The algorithm will output a classification label for every message in our test set, which we'll be able to compare with the actual label (given by a human). Note that, in training, our algorithm didn't see these 1,114 messages, so every message in the test set is practically new from the perspective of the algorithm.

In [21]:
def classify_test_set(message):

    message = re.sub('\W', ' ', message)
    message = message.lower()
    message = message.split()

    p_spam_given_message = p_spam
    p_ham_given_message = p_ham

    for word in message:
        if word in spam_params:
            p_spam_given_message *= spam_params[word]

        if word in spam_params:
            p_ham_given_message *= ham_params[word]

    if p_ham_given_message > p_spam_given_message:
        return 'ham'
    elif p_spam_given_message > p_ham_given_message:
        return 'spam'
    else:
        return 'needs human classification'

In [22]:
test['predicted'] = test['SMS'].apply(classify_test_set)
test.head()

Unnamed: 0,Label,SMS,predicted
2131,ham,Later i guess.
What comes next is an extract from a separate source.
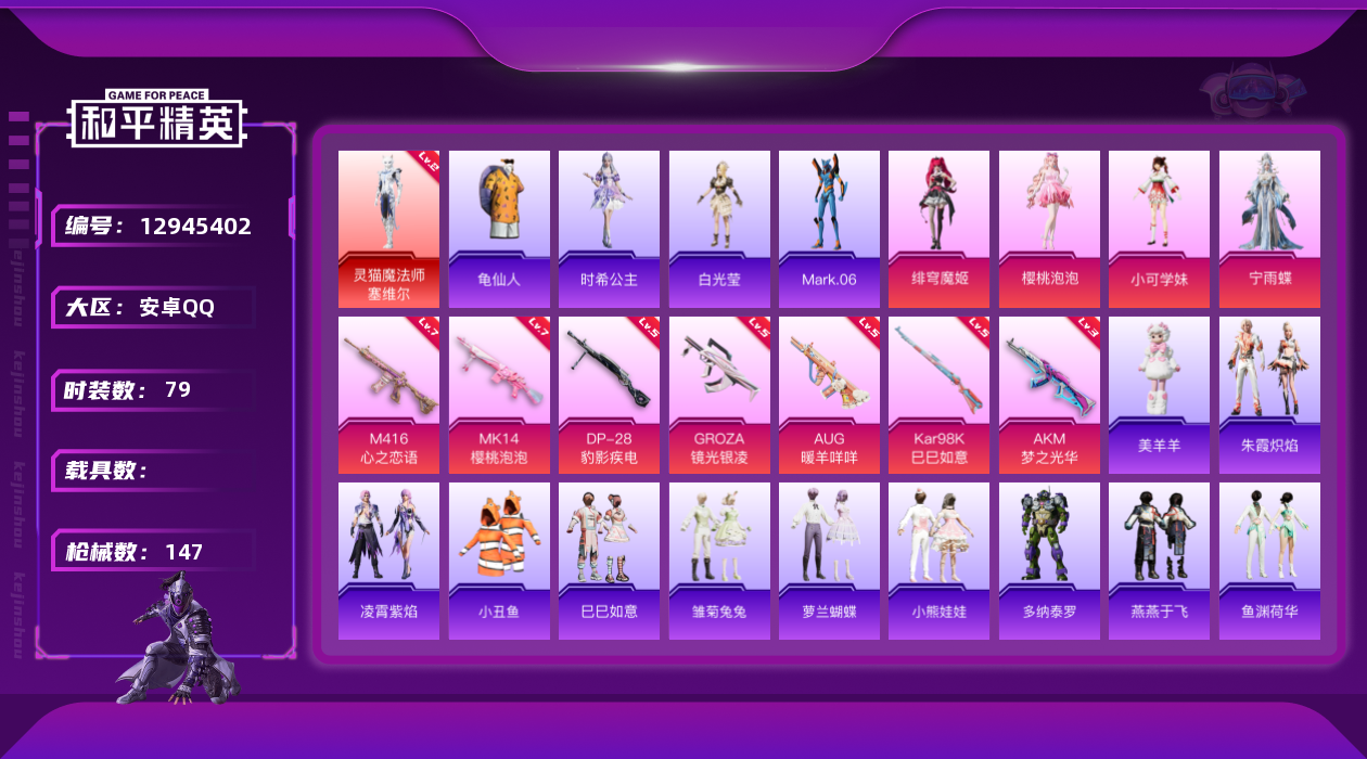 - [11523148]4粉装 6特效枪 1载具 14印记 可二次 可修改实名 身法装备:暗影哥特(红眼罩) 优质装备:路特斯EVIJA(星际黄),AKM炫紫旋律,M416五爪金龙,奇异狩猎者,金风玉露,彗云及圣,AUG星之彼岸,七级AUG-星之彼岸,七级AKM-炫紫旋律,智耀战神,AMR-智耀战神,Kar98K-巳巳如意 热门装扮:筑梦精灵,神秘黑猫,仓鼠灰灰,鹰眼刺客,浪漫波比,好奇恐龙 稀有枪皮:DP-28-豹影疾电 六级特效枪:六级AMR-智耀战神 五级特效枪:五级Kar98K-巳巳如意,五级DP-28-豹影疾电 四级特效枪:四级M416-五爪金龙 紫色装扮:娇憨猪猪,萌趣咩咩,SS21特训,SS31特训套装,SS5特训,冰川特警,冷焰舞者,凛冬战士,刚毅裁决者,北国孤狼,旭日情侣,极速光影,SS30特训套装,SS33特训套装,顶瓜瓜,SS20特训,时空追击者,暴风机械师,SS16特训,冰爽风暴,SS13特训,骁骑迪迦,SS14特训,音速流光,SS19特训,军刀雅典娜,甜心亚梦,虚音幻奏,瑞龙福将,团圆交子,SS17特训,SS18特训,智慧隐士,都市漫游者,都市魅力,酷潮明星,长空猛禽,雨林探路者,雪山征服者,雪山精英,霓虹极客,霓虹街区,青春校园,缤纷果语,耀眼新星,荣耀,蓝彩潮人,蓝色运动,虎虎生威吉莉,街头潮人,跃动心情,魅力单车,黎明保卫者,黑色伏地魔,龙的传人,沙漠毒蛇,极地朋克,极速红龙,格斗先锋,棕色飞行服,沙漠兵团,暗金炫舞,海岛探路者,深蓝色名流,清新柠檬,滨海假日,圣诞大吉,坚韧舞者,夏日音浪,幻世战舞者,探宝勇士,滨海厨神,绮丽涂鸦,疯狂小兔子,白熊同盟,白色伏地魔,甜蜜告白,福星高照,竞技勇士朋克,竞技达人朋克,甜蜜熊情侣,潮流先锋,牛气冲天,灰色格斗者,热血青春,熔岩使者,牛气满满,特战装甲,SS29特训,星途旅人,光矢逐梦,异域银装,鱼渊荷华,玉兔迎春,燕燕于飞,巳巳如意,烈火街头,森林游猎者,竞技名士,暗影哥特(红眼罩),街头风暴,惊鸿侠骨,SS24特训(SS24特训套装),SS25特训,锦衣飞扬,粉红小猪,金羽特工,小丑鱼,SS26特训,智谋强哥,精神漫游,炽焰拳师,格斗专家,SS6特训,银河圣歌,闪耀星光,黑色刀锋,核芯基因,拳皇97八神庵,SS7特训,人鱼之吻,深蓝冒险家,迷域探索者,精密机核,摩艾涂鸦,SS8特训,大橘大利,SS12特训,众
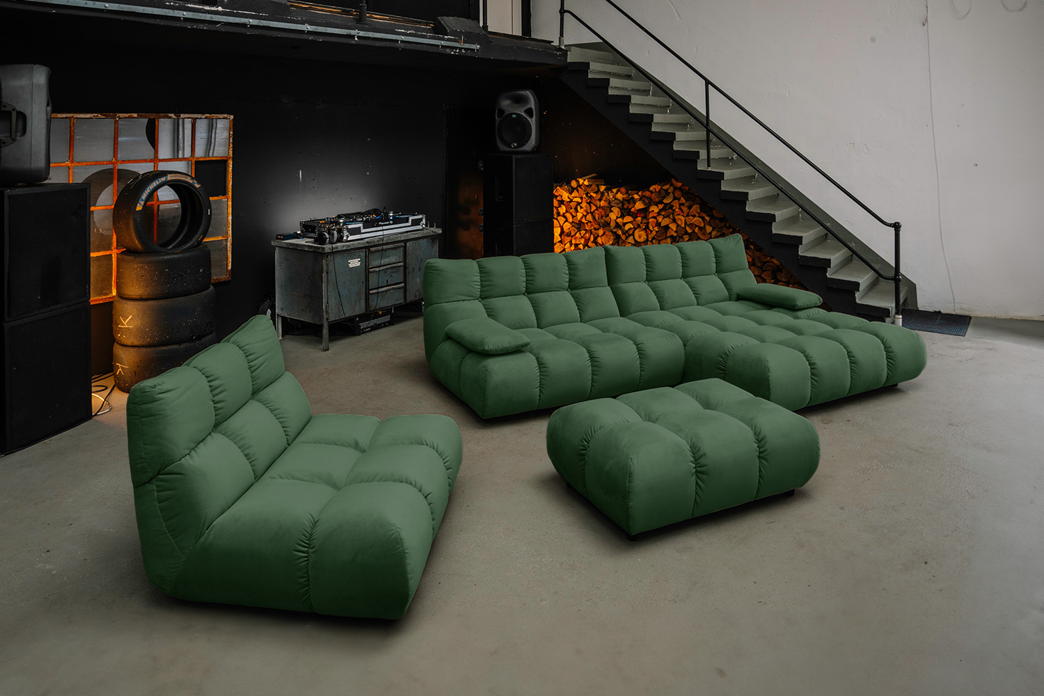 Der Bezug aus edlem Velvet verleiht der Sitzgruppe eine elegante Note. Die samtweiche Oberfläche und der feine Glanz machen jedes Möbelstück zum Blickfang und schaffen ein luxuriöses Ambiente.

I needa do mcat study too.,ham
3418,ham,But i haf enuff space got like 4 mb...,ham
3424,spam,Had your mobile 10 mths? Update to latest Oran...,ham
1538,ham,All sounds good. Fingers . Makes it difficult ...,ham
5393,ham,"All done, all handed in. Don't know if mega sh...",ham


Now we can compare the predicted values with the actual values to measure how good our spam filter is with classifying new messages. To make the measurement, we'll use accuracy as a metric:

\begin{equation}
\text{Accuracy} = \frac{\text{number of correctly classified messages}}{\text{total number of classified messages}}
\end{equation}

In [26]:
correct = 0
total = len(test)
for row in test.iterrows():
    row = row[1]
    if row['Label'] == row['predicted']:
        correct += 1
        
print('Correct:', correct)
print('Incorrect:', total - correct)
print('Accuracy:', correct/total)

Correct: 965
Incorrect: 149
Accuracy: 0.8662477558348295


## Next steps...

Here are some potential next steps:

- Isolate the messages that were classified incorrectly and try to figure out why the algorithm reached the wrong conclusions.
- Make the filtering process more complex by making the algorithm sensitive to letter case.